Skip to content

Cluster Setup

Aleksandr Movchan edited this page Jul 1, 2024 · 1 revision

Based on the documentation, Ray supports the following cloud providers out of the box: AWS, Azure, GCP, Aliyun, vSphere, and KubeRay. We can also implement the node provider interface to use Ray on other cloud providers like Oracle Cloud but it requires implementing the node provider manually which is a bit more work.

So Kubernetes with KubeRay would be the best choice if you want to use Ray on Oracle Cloud.

Aana on Kubernetes

Step 1: Create a Kubernetes cluster

The first step is to create a Kubernetes cluster on the cloud provider of your choice. Ray has instructions on how to do this for AWS, Azure, and GCP in Managed Kubernetes services docs.

Step 2: Deploy Ray on Kubernetes

Once you have a Kubernetes cluster, you need to install KubeRay on it. KubeRay is a Kubernetes operator that manages Ray clusters on Kubernetes. You can install KubeRay using Helm.

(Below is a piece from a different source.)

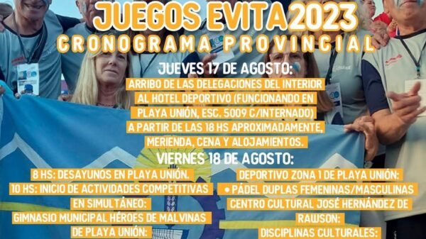 Chubut Provincia informa que ya se encuentra disponible el cronograma de actividades para los Juegos Evita de Personas Mayores 2023 El Gimnasio Municipal de Playa Unión será la sede de la apertura, que se realizará el viernes 18 de agosto a las 19 horas. Redaccion Santi15 agosto 2023

Here is an example of how to install KubeRay on a Kubernetes cluster:

helm repo add kuberay https://ray-project.github.io/kuberay-helm/
helm repo update

# Install both CRDs and KubeRay operator v1.1.1.
helm install kuberay-operator kuberay/kuberay-operator --version 1.1.1

# Confirm that the operator is running in the namespace `default`.
kubectl get pods
# NAME                                READY   STATUS    RESTARTS   AGE
# kuberay-operator-7fbdbf8c89-pt8bk   1/1     Running   0          27s

KubeRay offers multiple options for operator installations, such as Helm, Kustomize, and a single-namespaced operator. For further information, please refer to the installation instructions in the KubeRay documentation.

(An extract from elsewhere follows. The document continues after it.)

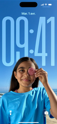 L’affichage de l’heure s’adapte automatiquement aux notifications et à la photo de fond d’écran, sans masquer le sujet à l’écran. Et lorsque vous déplacez votre iPhone, votre photo s’anime avec un nouvel effet 3D6.

Step 3: Create a YAML file for your application

Next, you need to create a YAML file that describes your Ray application. See the example below to get an idea of what the YAML file should look like:

apiVersion: ray.io/v1
kind: RayService
metadata:
  name: <service-name>
spec:
  serviceUnhealthySecondThreshold: 900 # Config for the health check threshold for Ray Serve applications. Default value is 900.
  deploymentUnhealthySecondThreshold: 900 # Config for the health check threshold for Ray dashboard agent. Default value is 900.
  serveConfigV2: |
    <serve config generated by aana build>

  rayClusterConfig:
    rayVersion: '2.20.0' # Should match the Ray version in the image of the containers
    # Ray head pod template.
    headGroupSpec:
      # The `rayStartParams` are used to configure the `ray start` command.
      # See https://github.com/ray-project/kuberay/blob/master/docs/guidance/rayStartParams.md for the default settings of `rayStartParams` in KubeRay.
      # See https://docs.ray.io/en/latest/cluster/cli.html#ray-start for all available options in `rayStartParams`.
      rayStartParams:
        dashboard-host: '0.0.0.0'
      # Pod template
      template:
        spec:
          containers:
          - name: ray-head
            image: <base image for the application>
            ports:
            - containerPort: 6379
              name: gcs
            - containerPort: 8265
              name: dashboard
            - containerPort: 10001
              name: client
            - containerPort: 8000
              name: serve
            resources:
              limits:
                cpu: "3" # CPU limit for the head pod
                memory: "28G" # Memory limit for the head pod
                ephemeral-storage: "95Gi" # Ephemeral storage limit for the head pod
              requests:
                cpu: "3" # CPU request for the head pod
                memory: "28G" # Memory request for the head pod
                ephemeral-storage: "95Gi" # Ephemeral storage request for the head pod
    workerGroupSpecs:
    # The pod replicas in this group typed worker
    - replicas: 1 # Number of worker nodes
      minReplicas: 1
      maxReplicas: 10
      groupName: gpu-group
      rayStartParams: {}
      # Pod template
      template:
        spec:
          containers:
          - name: ray-worker
            image: <base image for the application>
            resources:
              limits:
                cpu: "3" # CPU limit for the worker pod
                memory: "28G" # Memory limit for the worker pod
                ephemeral-storage: "95Gi" # Ephemeral storage limit for the worker pod
              requests:
                cpu: "3" # CPU request for the worker pod
                memory: "28G" # Memory request for the worker pod
                ephemeral-storage: "95Gi" # Ephemeral storage request for the worker pod
          # Please add the following taints to the GPU node.
          tolerations:
            - key: "ray.io/node-type"
              operator: "Equal"
              value: "worker"
              effect: "NoSchedule"

serveConfigV2 can be generated by the aana build command. It contains the configuration for the Ray Serve applications.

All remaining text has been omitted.